In order to confirm the competitive nature of harmol antagonism in a prostate cancer context, we tested the antagonist effects of harmol in PC-3 cells stably overexpressing AR (PALM cells also referred to as PC3 hAR MMTV-luc cells), in the presence of various concentrations of R1881 (0.1, 0.3, 1, 10 nM) using the same transactivation assays (Supplementary Figure S2). As was observed in U2OS cells, harmol could also inhibit AR transactivation in PC3 hAR MMTV-luc cells with the following IC50s: 183 nM (R1881 0.1 nM), 535 nM (R1881 0.3 nM), and 1.9 µM (R1881 1 nM). As anticipated, inhibition was not significant in the presence of 10 nM R1881. Similar results were obtained in DU145 cells transiently overexpressing the full-length AR, with a significant inhibition of AR transactivation in the presence of 1 nM R1881 (Supplementary Figure S2). Together, these results confirm that harmol hydrochloride is a competitive inhibitor of AR.
To further strengthen the fact that harmol hydrochloride is a competitive antagonist of AR, we studied its potential binding to AR in U2OS-hAR-ARE-Luc cells that were incubated with 0.3 nM [3H]-R1881, and increasing concentrations of unlabeled R1881 or of the tested drugs (Figure 4).
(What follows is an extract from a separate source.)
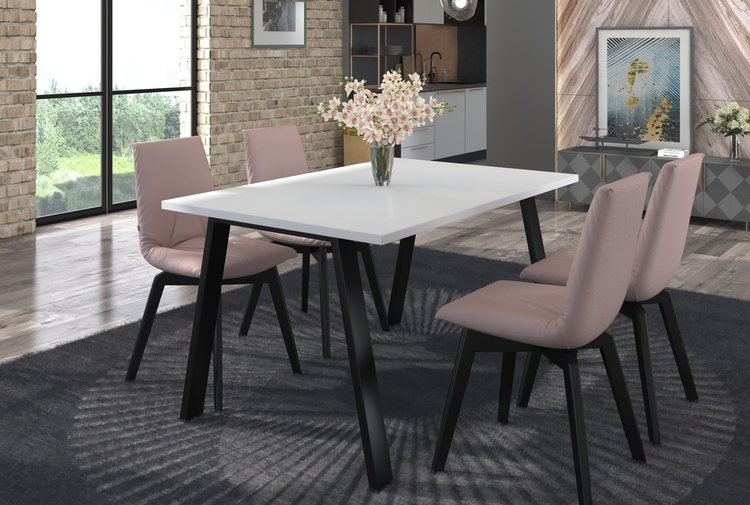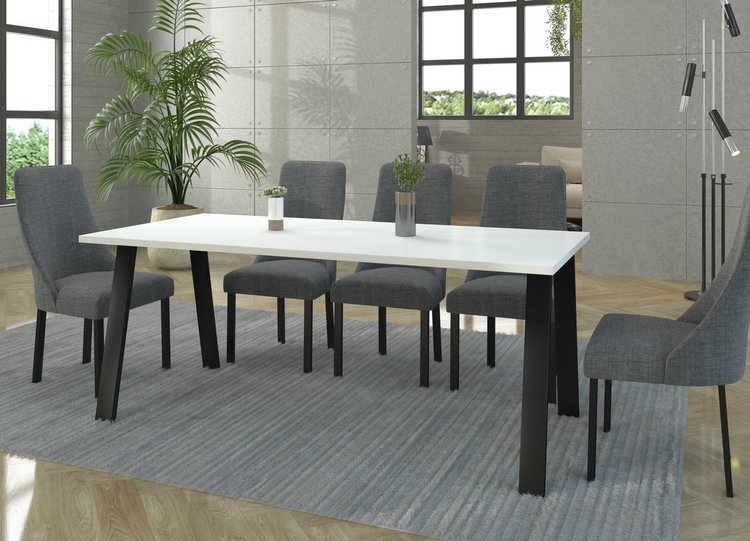 Jídelní stůl je vyroben v jednoduchém industriálním, stylovém a zároveň i moderním designu. Stolová deska je vyrobena z lamina tl.28 mm v barvě bílá, kovové nohy jsou práškově lakované v černé barvě (profil nohy 80×40 mm). Tyto jídelní stoly nabízíme v různých rozměrech a barvách. Dodáváme v demontovaném stavu.CASA 87020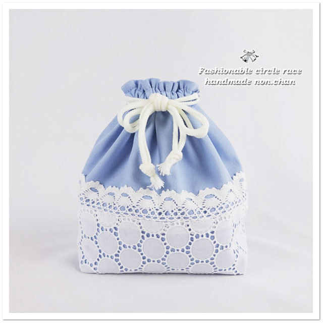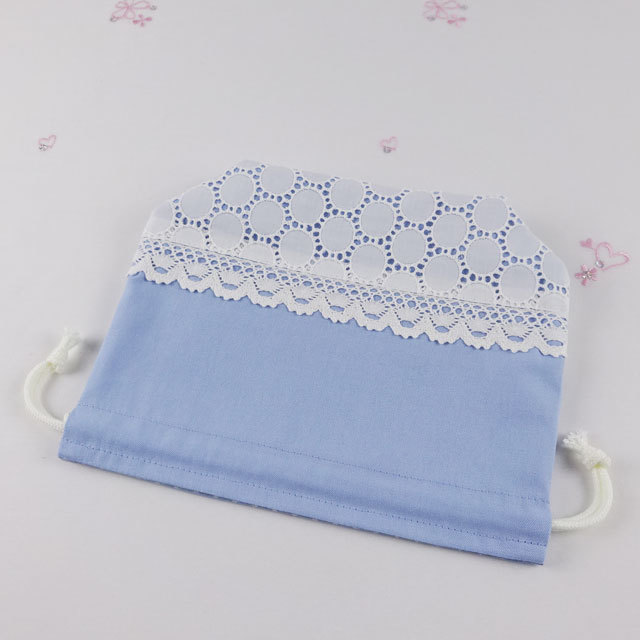 巾着袋はブルーのオックス生地にレース生地を縫い付け、レースで飾りました。

The results showed that both unlabeled R1881 and enzalutamide could compete with labeled R1881 for AR binding. They also demonstrated that harmol hydrochloride could compete with the ligand for binding with an IC50 of 540 nM vs. 150 nM for enzalutamide, demonstrating its affinity for the receptor (Figure 4).
3.3. Harmol Hydrochloride Inhibits the Growth of AR Positive Prostate Cancer Cells
We then compared the antiproliferative activity of harmol hydrochloride with enzalutamide, using spheroids from VCaP or LNCaP prostate cancer cell lines. LNCaP cells endogenously express a mutated form of AR (T877A) in its LBD, which is known to affect steroid binding characteristics and response to antiandrogens. VCaP cells express both the wild-type form of AR and its ARv7 variant, though the wild-type form is predominantly expressed at the basal level (Supplementary Figure S3). The results show that enzalutamide could inhibit the growth of VCaP and LNCaP cells, tough to a lesser extent, when concentrations of enzalutamide compatible with AR antagonism (0.1 to 1 µM) were used (Figure 5A). These results are in accordance with previous studies using 2D cultures [35,36,37,38,39].
A similar effect was observed for harmol hydrochloride, though higher concentrations of the drug were required, which is in accordance with its lower affinity for AR. Conversely, harmol hydrochloride had no effect on the growth of DU145 or PC3 cancer cell lines that do not express AR (Figure 5B). We further showed that growth inhibition of LNCaP and VCaP spheroids was due to a cytostatic effect of the drugs as both enzalutamide and harmol hydrochloride did not significantly affect the number of propidium iodide positive cells as compared to untreated spheroids, even for the highest concentrations used (Supplementary Figure S3).
As it was already demonstrated for enzalutamide, we found that growth inhibition of VCaP and LNCaP spheroids induced by harmol hydrochloride was accompanied by a significant decrease of R1881-mediated expression of well-known AR target genes, such as TMPRSS2, FKBP5, and PSA, whereas the expression of the AR non-target gene HPRT was unaffected (Figure 5C). In accordance with binding experiments, the decrease in AR-target gene expression was more pronounced for enzalutamide than for harmol hydrochloride (Figure 5C).
3.4. Harmol Hydrochloride Is a “Selective” Antagonist of the Androgen Receptor
We then tested the effect of harmol hydrochloride and enzalutamide for their potential activities towards the progesterone (PR), glucocorticoid (GR), mineralocorticoid receptors (MR) and PXR (NR1I2), using dedicated luciferase reporter cell lines [28] (Figure 6 and data not shown).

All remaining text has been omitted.